* **Provided data**:
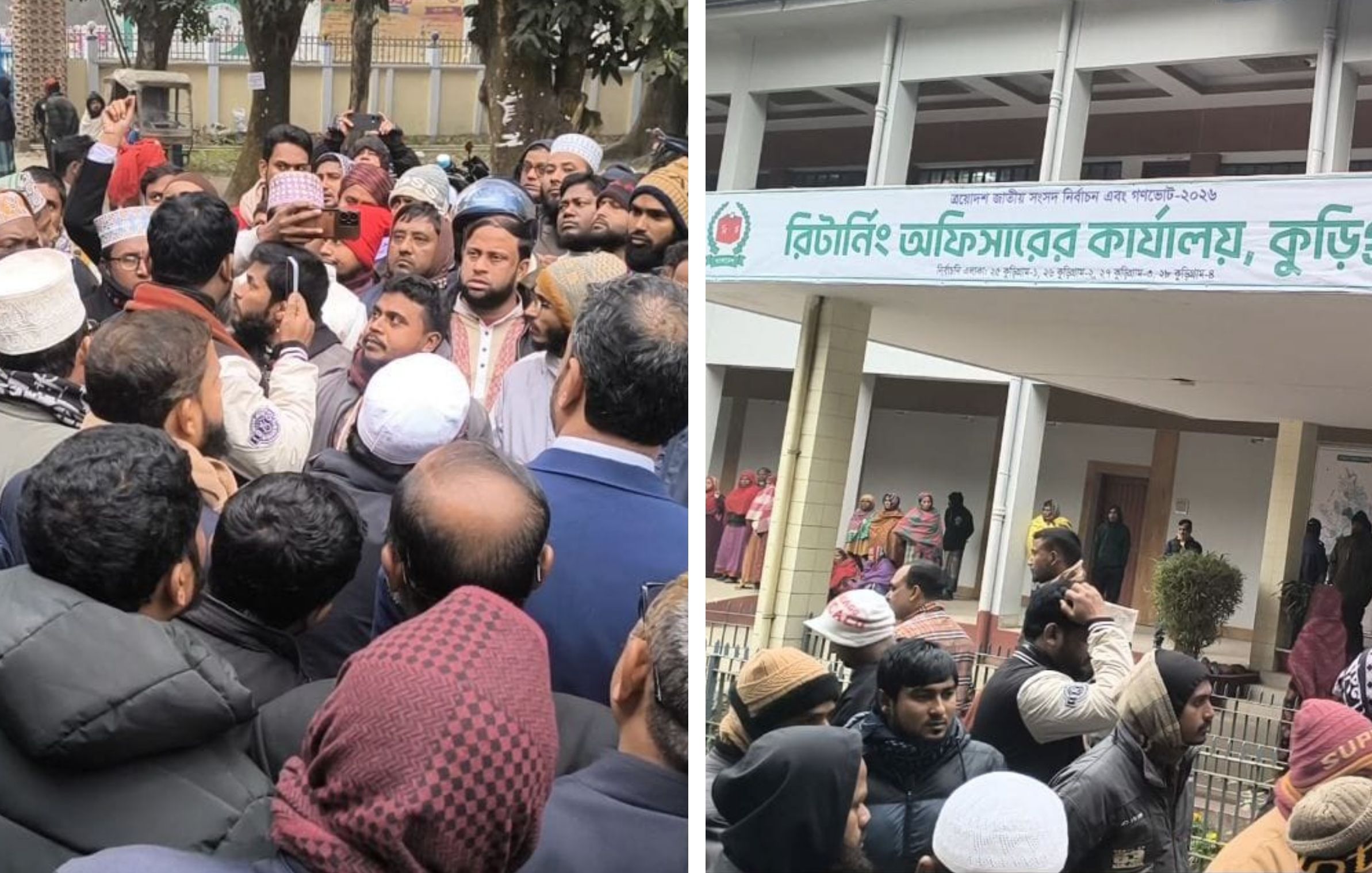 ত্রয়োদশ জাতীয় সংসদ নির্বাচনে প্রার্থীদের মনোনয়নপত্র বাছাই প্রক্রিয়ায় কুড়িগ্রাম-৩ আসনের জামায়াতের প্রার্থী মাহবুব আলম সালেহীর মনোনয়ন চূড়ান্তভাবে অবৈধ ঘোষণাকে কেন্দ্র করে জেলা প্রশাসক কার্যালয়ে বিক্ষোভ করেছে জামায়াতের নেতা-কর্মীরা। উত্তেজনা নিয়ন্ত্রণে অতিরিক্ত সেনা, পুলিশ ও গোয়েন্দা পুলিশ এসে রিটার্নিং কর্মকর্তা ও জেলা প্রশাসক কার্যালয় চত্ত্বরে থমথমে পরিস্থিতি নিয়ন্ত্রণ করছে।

--

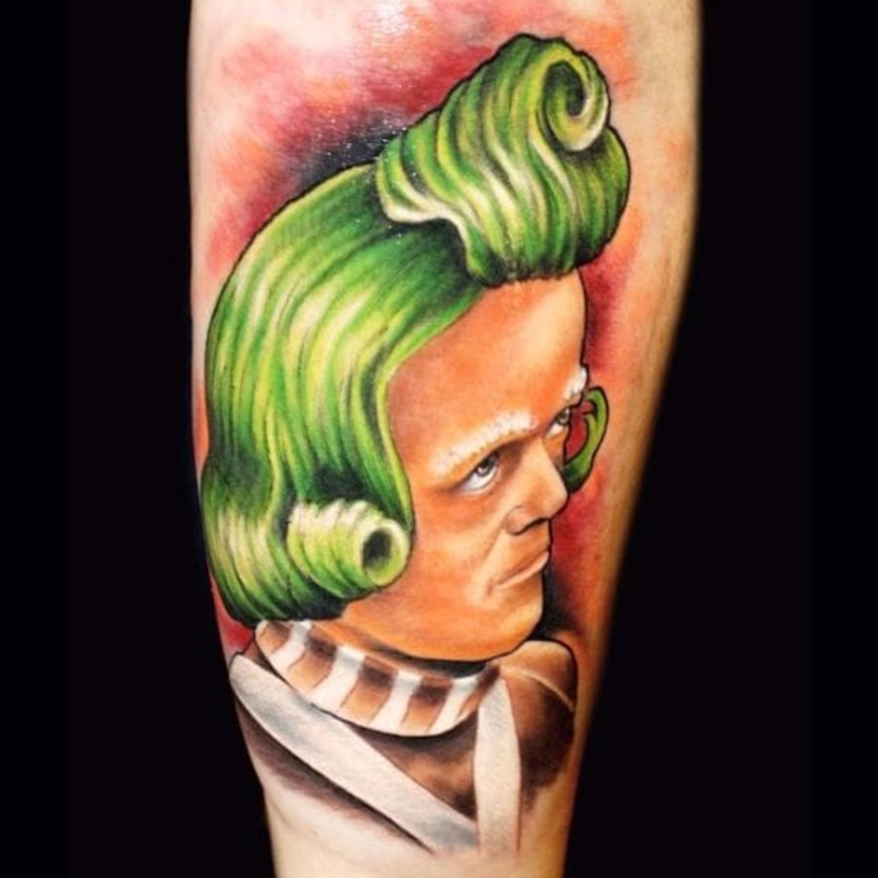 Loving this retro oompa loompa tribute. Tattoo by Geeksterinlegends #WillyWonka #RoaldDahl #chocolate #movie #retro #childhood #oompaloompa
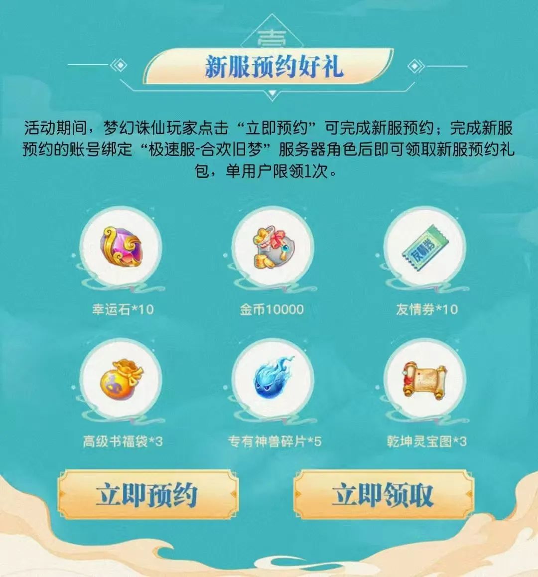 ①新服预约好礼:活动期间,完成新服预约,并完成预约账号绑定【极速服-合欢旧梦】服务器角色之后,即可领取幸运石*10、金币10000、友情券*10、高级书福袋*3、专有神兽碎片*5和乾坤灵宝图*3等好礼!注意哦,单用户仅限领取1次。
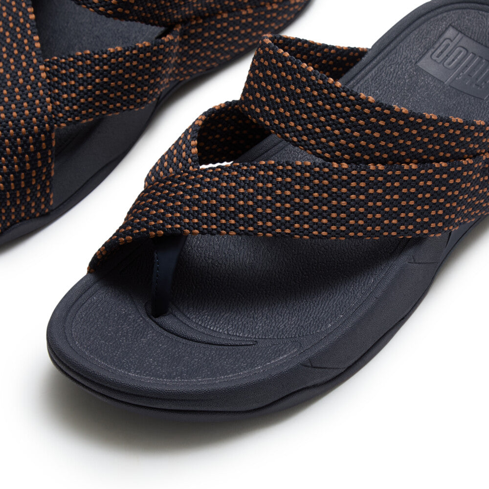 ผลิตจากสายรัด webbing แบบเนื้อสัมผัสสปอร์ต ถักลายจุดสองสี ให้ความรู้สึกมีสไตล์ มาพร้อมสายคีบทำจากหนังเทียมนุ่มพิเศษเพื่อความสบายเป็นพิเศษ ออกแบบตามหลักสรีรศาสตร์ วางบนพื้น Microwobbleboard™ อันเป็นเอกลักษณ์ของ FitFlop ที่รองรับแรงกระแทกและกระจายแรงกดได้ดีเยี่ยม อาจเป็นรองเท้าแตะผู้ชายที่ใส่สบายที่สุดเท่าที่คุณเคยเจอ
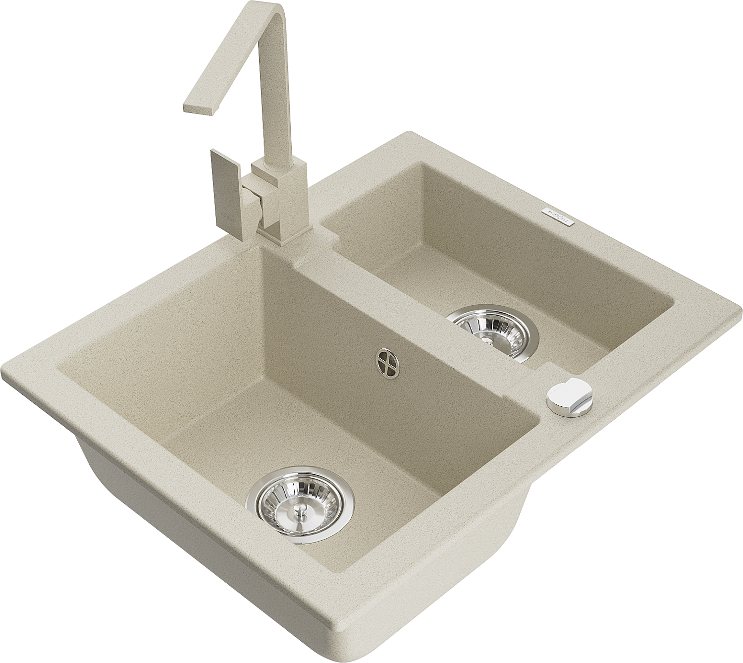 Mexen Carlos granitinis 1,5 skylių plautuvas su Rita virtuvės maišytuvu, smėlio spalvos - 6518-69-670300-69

---

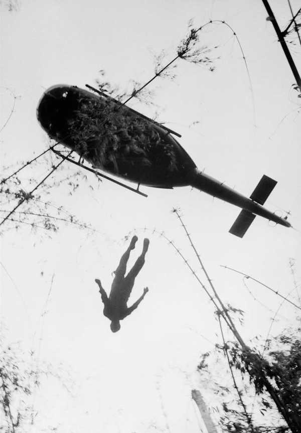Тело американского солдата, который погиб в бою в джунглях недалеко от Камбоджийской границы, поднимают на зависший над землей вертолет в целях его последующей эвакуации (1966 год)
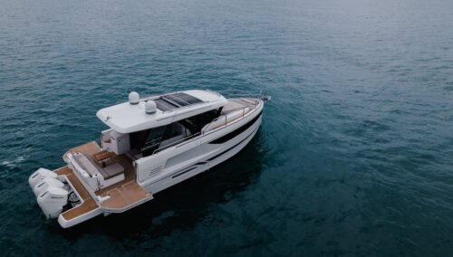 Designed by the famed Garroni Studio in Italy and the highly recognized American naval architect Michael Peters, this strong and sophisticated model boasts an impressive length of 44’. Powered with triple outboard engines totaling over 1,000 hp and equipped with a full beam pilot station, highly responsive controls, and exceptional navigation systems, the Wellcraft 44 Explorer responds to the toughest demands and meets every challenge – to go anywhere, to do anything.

* **Directions**:
Find the line with "ผลิตจากสายรัด webbing แบบเนื้อสัมผัสสปอร์ต" and the line with "Mexen Carlos granitinis" in the records above. Copy both and all lines between them exactly, without pictures.

* **Output for this exercise**:
 ผลิตจากสายรัด webbing แบบเนื้อสัมผัสสปอร์ต ถักลายจุดสองสี ให้ความรู้สึกมีสไตล์ มาพร้อมสายคีบทำจากหนังเทียมนุ่มพิเศษเพื่อความสบายเป็นพิเศษ ออกแบบตามหลักสรีรศาสตร์ วางบนพื้น Microwobbleboard™ อันเป็นเอกลักษณ์ของ FitFlop ที่รองรับแรงกระแทกและกระจายแรงกดได้ดีเยี่ยม อาจเป็นรองเท้าแตะผู้ชายที่ใส่สบายที่สุดเท่าที่คุณเคยเจอ
 Mexen Carlos granitinis 1,5 skylių plautuvas su Rita virtuvės maišytuvu, smėlio spalvos - 6518-69-670300-69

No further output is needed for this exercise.